I don't know. But it's pretty easy, until a 17 year old kid, who just signed with the Cowboys gets a DUI and guys like me and you say, Butch Jones or Nick Saban could've prevented this.
I'm not saying any of this is easy...you keep talking about fairness...what is fair to Robert Griffin 3 and Tim Tebow, and Brittney Griner might not be fair to the second string point guard, but the second sting point guard isn't selling officially licensed merchandise for anyone either.
If the lawsuit starts a discussion about it, I think it's good. I'm not for taking it all to the ground, but I think there's room for change and I don't think it will destroy anything or be worse than, for instance, expansion of super conferences.
All the NFL has to do is say..."We put no age limitations on when we will take an athlete into professional football."
I just don't agree with that. Our softball team far exceeds our baseball team in attendance with regularly sold out games and more TV time...to go further...our football team has been on a horrendous 5 year run, the money is coming in somehow...your former asst. AD Dave Hart has done in depth interviews regarding how bad off our finances are in comparison to the rest of the league and yet...we've cancelled no games in any sport, the Tennis team is still truckin, just watched a Lady Vol doing some diving. We're in the dumps, probably 12th in the league , if not worse, yet The Games Go On.
@AllTideUp @vol66 think, not thin
@AllTideUp @vol66 You've already stated the football won't be going away. It's not going anywhere.
I agree, baseball won't go away, at least in the SEC. Neither will women's softball. I don't thin women's soccer will go away. Track, swimming, diving...depends on the programs. We don't offer gymnastics, but UGA does and that won't go away for them. We don't have Lacrosse, but it won't go away at UNC, Syracuse or Duke...The cream will rise to the top.

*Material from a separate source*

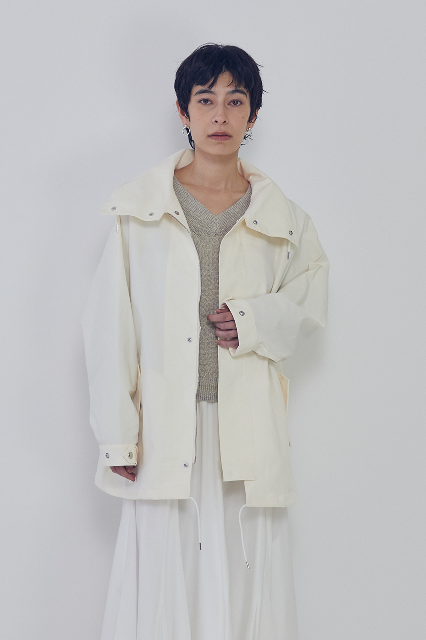 裾には多めに施したハトメとレザーコードを配し、キュッと絞ってフォルム変化が楽しめるデザインに。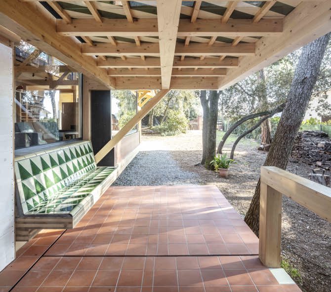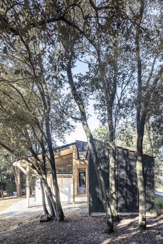 Nos interesa la posibilidad de transformar el interior en el exterior, como encapsular un pedazo de este bosque donde estamos, climatizarlo, amueblarlo, y que este sea el hábitat de la casa. En este encinar tenemos una luz difusa, filtrada, suave y muy agradable y esta misma luz la queremos también para el interior, mucha claridad pero no luz directa, así hay aberturas altas que miran a norte, y aberturas a sur que están bajo aleros. Se ve el canto de los paneles y del CLT, las cabezas de las vigas, tornillos y herrajes, rastreles del tejado y rastrillos de la fachada ventilada, el canto de la teja plana, de la cerámica y de los losetas de hormigón, la tela impermeable, cableado eléctrico, tubos de alcantarillado colgados... La casa como acoplamiento de elementos constructivos, y estos como definidores de su presencia, evitamos una imagen preconcebida o la contundencia de una idea.

I'm not saying it's not a good deal. I'm saying with a little imagination, simple business 101, really, it could be a great deal. Going to Europe for basketball has the same stigma attached to it as going JUCO does...nobody WANTS either one, it's at best where you bide your time before a professional league is willing to take you or at worst where people are considered not good enough for college or for the pros. I'm all for the Peyton Mannings, they honor their schollies and come back for their senior year because they love their college experience, but I also recognize that not everybody wants that...what's worse is that we ALL know that and we say, "it's our way or this less than our way, that's it...you don't HAVE to sign away on the dotted line, but all of the other avenues suck, what do you want to do?"
No, it is not fair. Collegiate baseball players have the opportunity to go pro IF THE MLB thinks that they can make it. They have a system, single A, Dbl A, and Triple A, to bring them along....If the MLB does not draft a player then those players can go to college and they get aid, merit based aid, pell grants if they qualify, etc...that will not change, right?
What does need to change is simple. The football program who pays the coach and his staff far more then they are worth, far more than the revenue the AD collects, who then goes to the fund raising arm and says, "We need to make up this salary differential by raising more funds and telling the parents and the kids that the "Full Ride has gone up from $30,000 dollars/year to $40,000." In other words, rolling the cost of the coaches into the 85 schollies (in football).